# Project Tomb Raider



## LaMokona (Jul 8, 2013)

Hello everyone, this is my first build log on here though it’s not my first build log. I will be working with a Cooler Master HAF 912. I asked several people what their favorite superhero was and one answer stuck out. Lara Croft. This build will be based around the new Tomb Raider game ( Which I actually haven’t had the time to play  ) Choosing colors was a bit harder with this one than with other superheroes since Lara Croft doesn’t really have a color scheme. Nonetheless, I hope what I chose is good and that this build lives up to the game (Heard that it’s amazing). I’m currently saving up for the hardware so may take a bit before it’s completely done. Won’t stop me from working on the case though.

Update #1
Update #2
Update #3
Update #4
Update #5
Update #6
Update #7
Update #8
Update #9 (Finished Build)
Extra Pics

Hardware (Subject to change):
CPU: AMD FX-8350 (Acquired)
Mobo: ASUS SABERTOOTH 990FX/GEN3 R2.0 (Acquired)
RAM: CORSAIR Vengeance 8GB (2 x 4GB) (Acquired)
GPU: XFX Radeon HD 7870 (Acquired)
PSU: SeaSonic M12II 620 Bronze (Acquired)
SSD: SAMSUNG 840 Series 120GB (Acquired)
Case: Cooler Master HAF 912 (Acquired)

Here’s the case when it used to house the living room computer






I received the paracord for this build a few days ago.
Khaki





Black





Also got some terminals I needed.





Sleeving on the 24 pin cable is complete





The front panel of the case is also done.





That’s it for now. More to come soon.


----------



## d1nky (Jul 8, 2013)

subbed!

how easy it to use paracord for sleeving and get the ends to stay tidy?


----------



## LaMokona (Jul 9, 2013)

d1nky said:


> subbed!
> 
> how easy it to use paracord for sleeving and get the ends to stay tidy?



Thanks. 
This actually my first time using paracord and it was pretty easy to work with. I did use a bit on practice cables first though.


----------



## natr0n (Jul 9, 2013)

If this build doesn't have wavy hair of some sort we might get outraged.


----------



## LaMokona (Jul 9, 2013)

natr0n said:


> If this build doesn't have wavy hair of some sort we might get outraged.

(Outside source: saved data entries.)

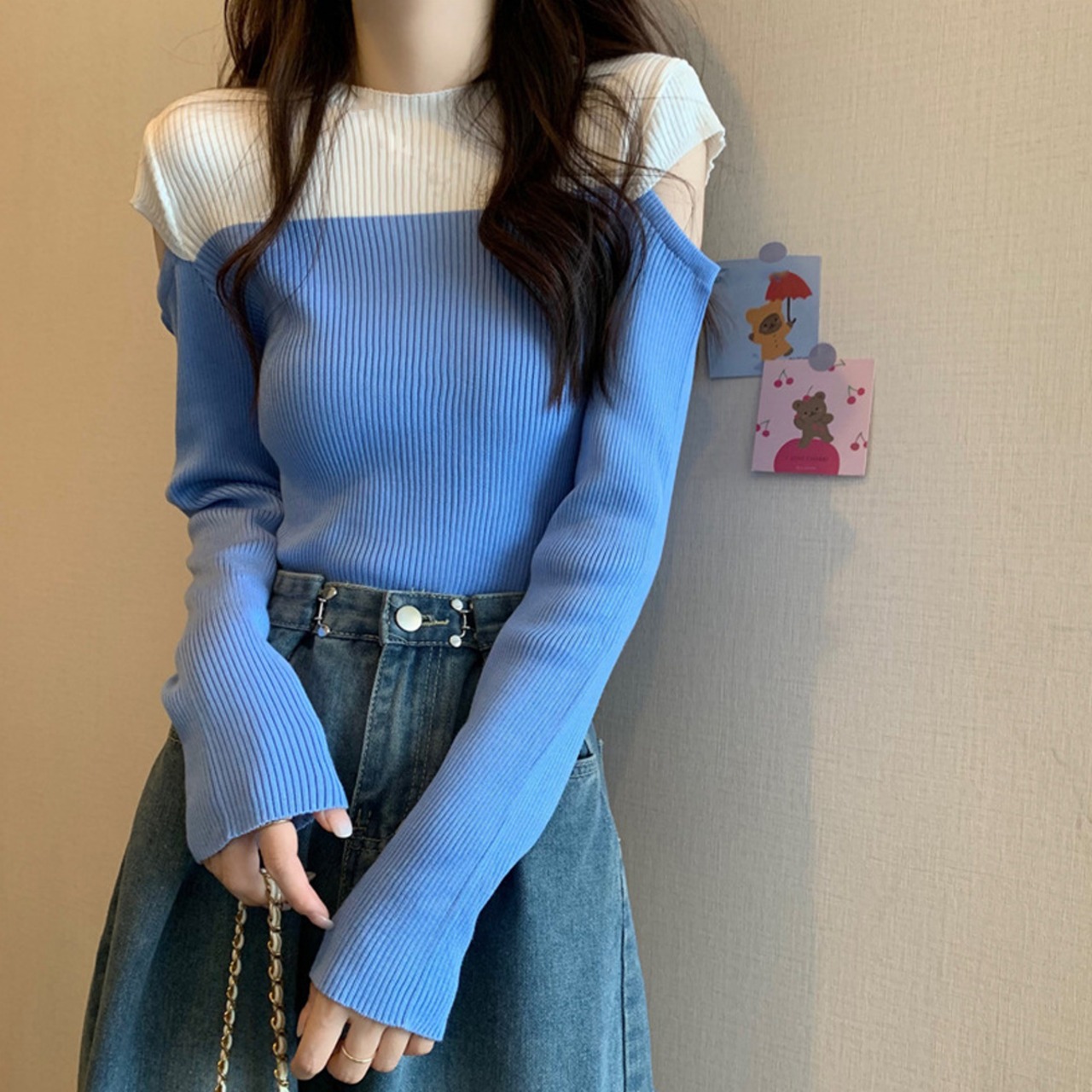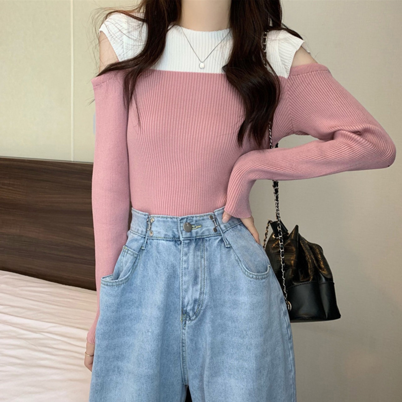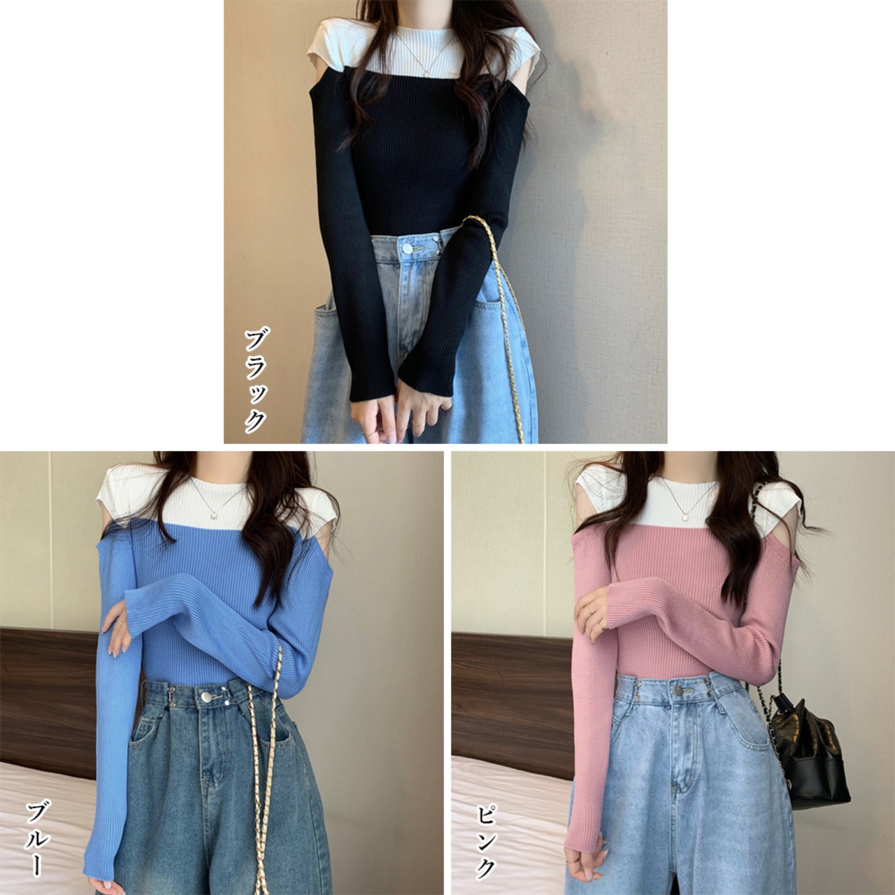 レディース タイトニット 肌見せ セクシー リブニット カジュアル オフショルダーニット 着やせ オープンカットトップス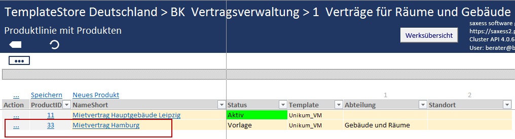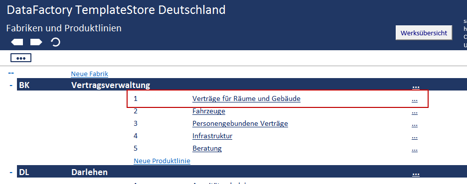 A new product is always based on an already existing product; as a general rule, it is based on a template. To create a new product, proceed as follows: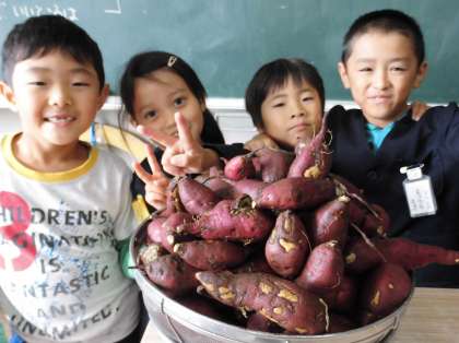 畑で掘ったおいもをきれいに洗いました。「水は冷たいけど、きれいになった。」「赤くなったね。」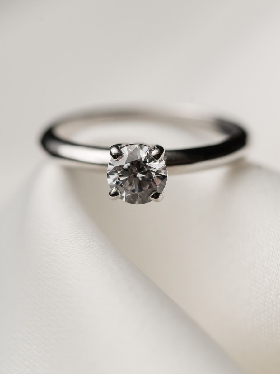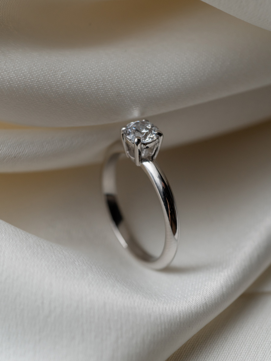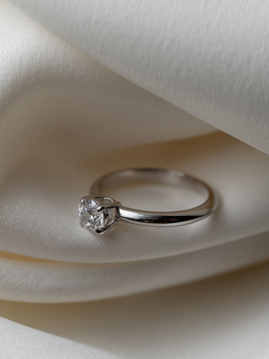 На фото изображено помолвочное кольцо с бриллиантом «круг» 6 мм (0,8 Ct) из белого золота 585 (с родием).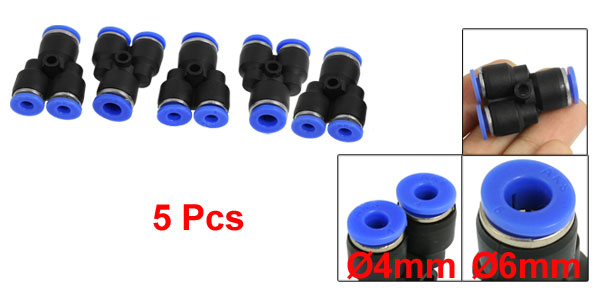5 Pcs 6mm to 4mm Air Pneumatic Y Shaped Push in Quick Fitting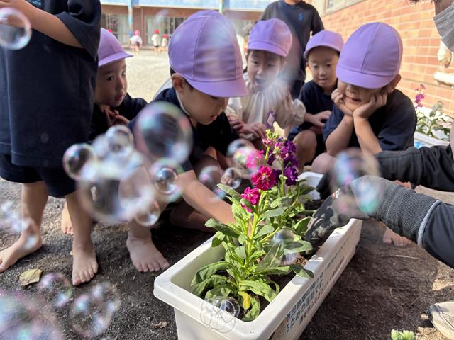 「きれ~い!」「ピンク色かわいい~!」などお花に興味深々なお友だちがたくさん見られました。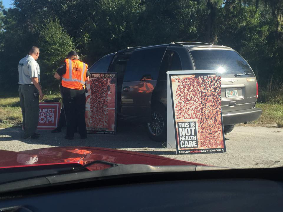 On Saturday, thousands of families were subjected to horrific pictures of mutilated babies as they entered a children’s pumpkin festival in Manatee County, Florida.

I'll try to add in some TressFX but no promises. Maybe a ponytail hanging off the top XD


----------



## micropage7 (Jul 9, 2013)

wow looks nice
khaki color make it not looks like cable and looks natural
subbd for further..


----------



## LaMokona (Jul 9, 2013)

micropage7 said:


> wow looks nice
> khaki color make it not looks like cable and looks natural
> subbd for further..



Thank you.I wasn't sure whether to go for khaki or tan. Glad I went with khaki.
Should have some updates later today


----------



## LaMokona (Jul 10, 2013)

So got the side panels done today. The right side panel isn’t completely done yet though. Also got the PCI slot covers painted. Tomorrow will be working on the top panel window. 

PCI Slot Covers





Right side panel





Left side panel





Thanks for all the comments. Will try to bring more tomorrow


----------



## LaMokona (Jul 11, 2013)

It was a long day yesterday and didn't get to work much.
My Rotozip of 8 years passed away yesterday  It was given to me by my dad 4 years ago. He'd owned it for 4 years before that. It had helped us with many jobs and hardly ever complained. 
R.I.P





As the Rotozip exists, a new partner enters. Introducing,










Got it fired up immediately and began to put it to work.
Window on the top panel.




This isn’t done as the weather turned sour. Will try to finish today and get better pics.


Since it started raining, decided to work on more sleeving. Finished the 8-pin CPU power extension.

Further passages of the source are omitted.